Description of the task
What is needed is an exact repeat of the lines from the one holding "Sada nočních stolků" through the final line of the data, with no pictures.

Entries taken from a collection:

*** Block opens ***

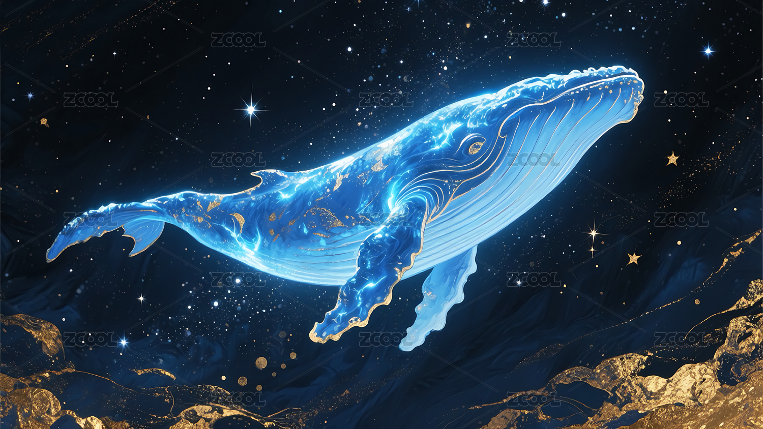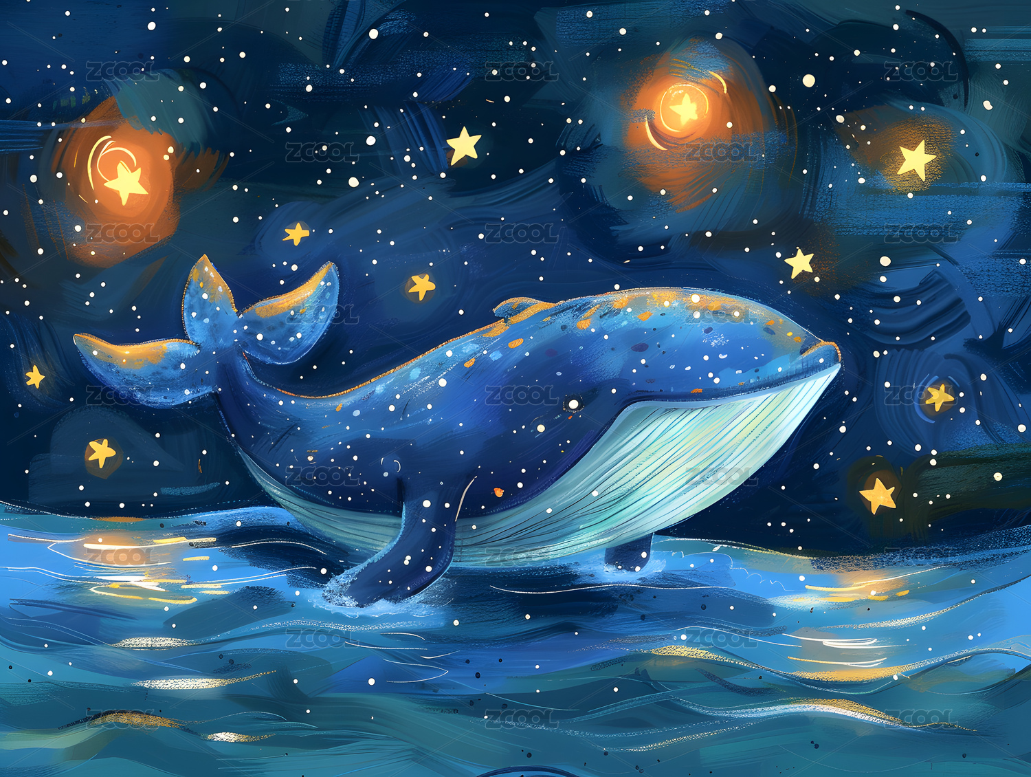 鲸鱼,星空,插画,蓝色,海洋,梦幻,艺术,唯美,生物,宇宙
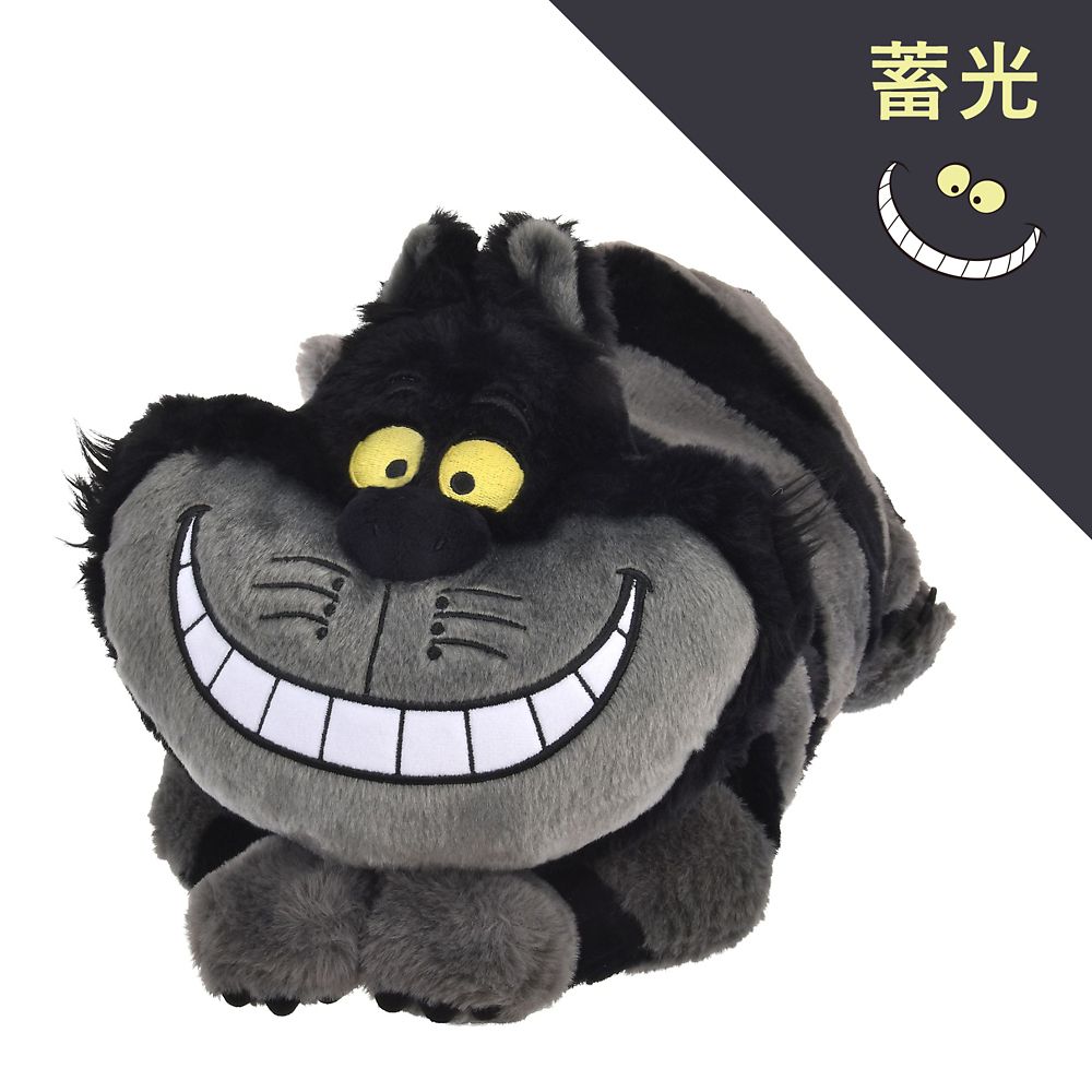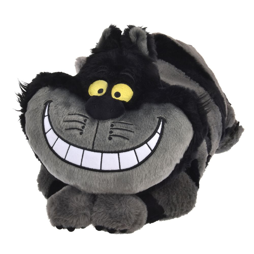 闇に姿を消す様子を表現したモノトーンのチェシャ猫がモチーフです。全身ふわふわの優しい手ざわりで再現されたカバーは癒し度抜群。
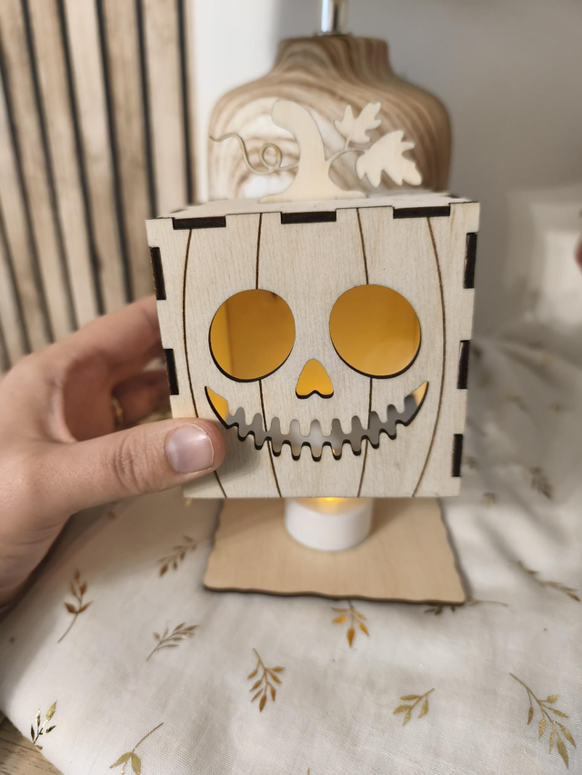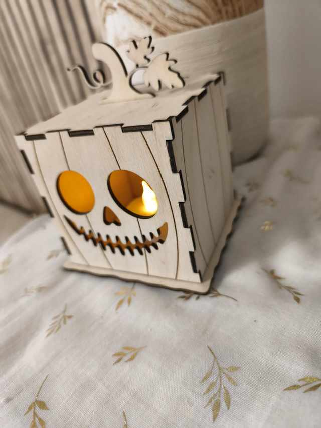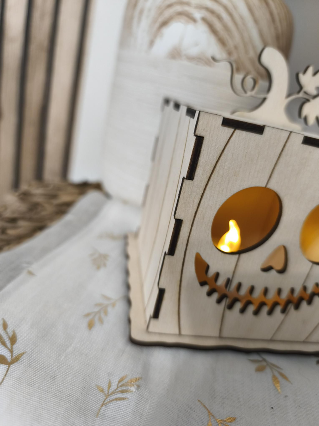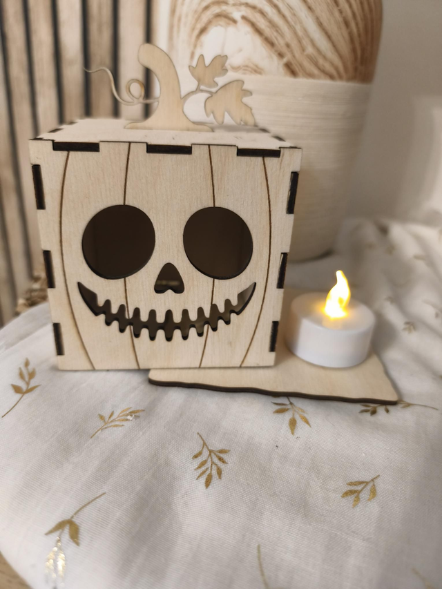 Photophore citrouille en bois – Halloween magique 🎃
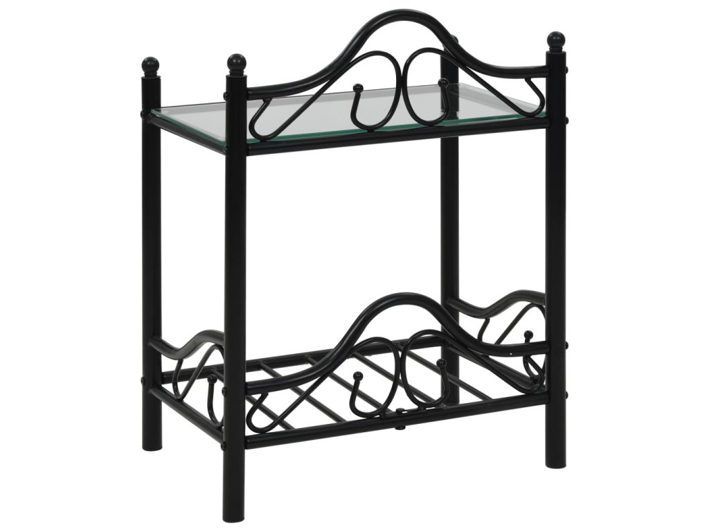 Sada nočních stolků sestává z robustních ocelových rámů a panelů z tvrzeného skla. Je tudíž stabilní a odolná. Každý stolek disponuje 2 policemi, jež se výborně hodí k odkládání nejrůznějších menších předmětů. Zaoblené ocelové konstrukce dodávají stolkům elegantní styl. Montáž sady je snadná. Balení obsahuje 2 noční stolky.
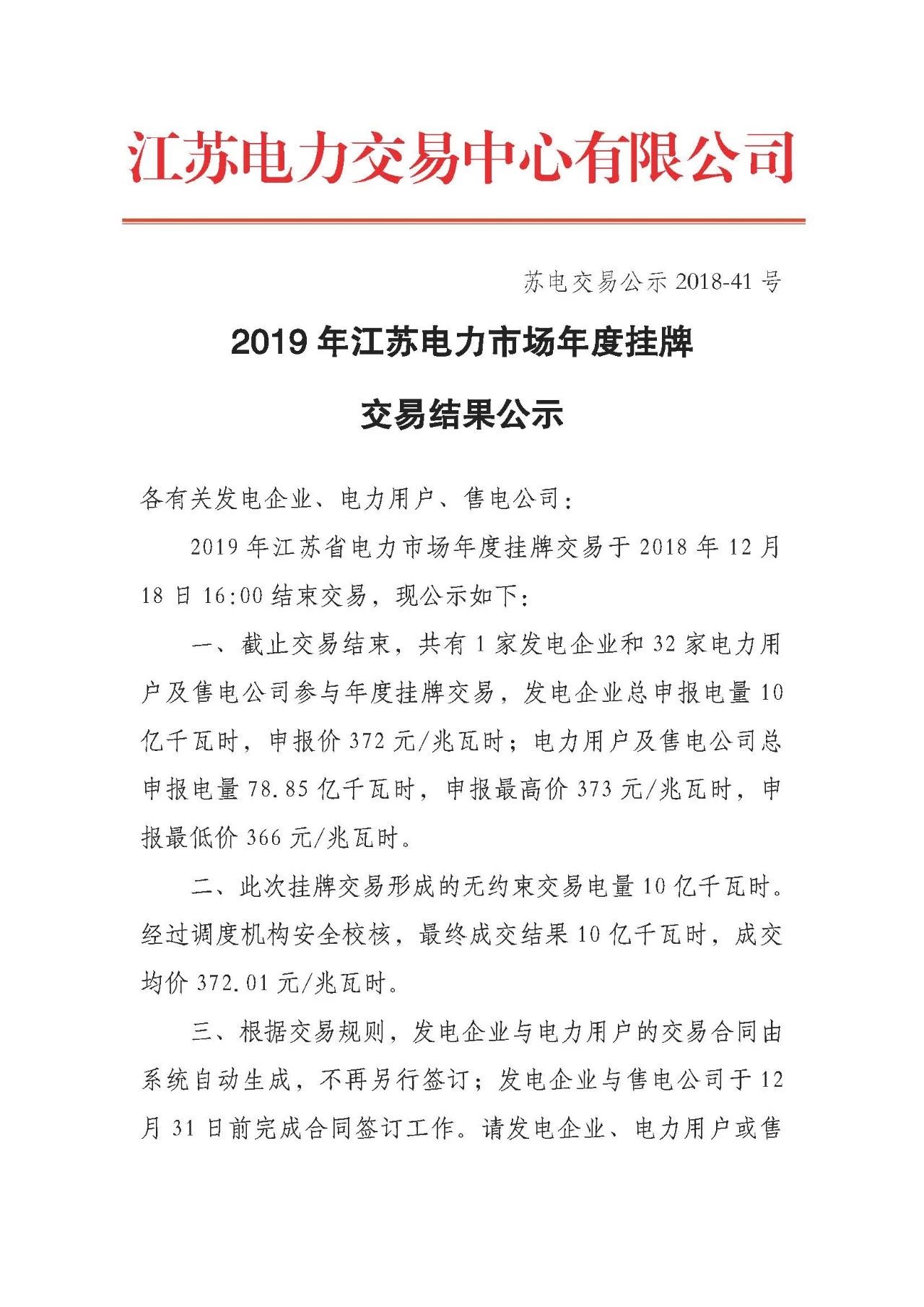 江蘇電力交易中心發(fā)布了《2019年江蘇電力市場(chǎng)年度掛牌交易結(jié)果公示》

*** Block closes ***

Output for this task
 Sada nočních stolků sestává z robustních ocelových rámů a panelů z tvrzeného skla. Je tudíž stabilní a odolná. Každý stolek disponuje 2 policemi, jež se výborně hodí k odkládání nejrůznějších menších předmětů. Zaoblené ocelové konstrukce dodávají stolkům elegantní styl. Montáž sady je snadná. Balení obsahuje 2 noční stolky.
 江蘇電力交易中心發(fā)布了《2019年江蘇電力市場(chǎng)年度掛牌交易結(jié)果公示》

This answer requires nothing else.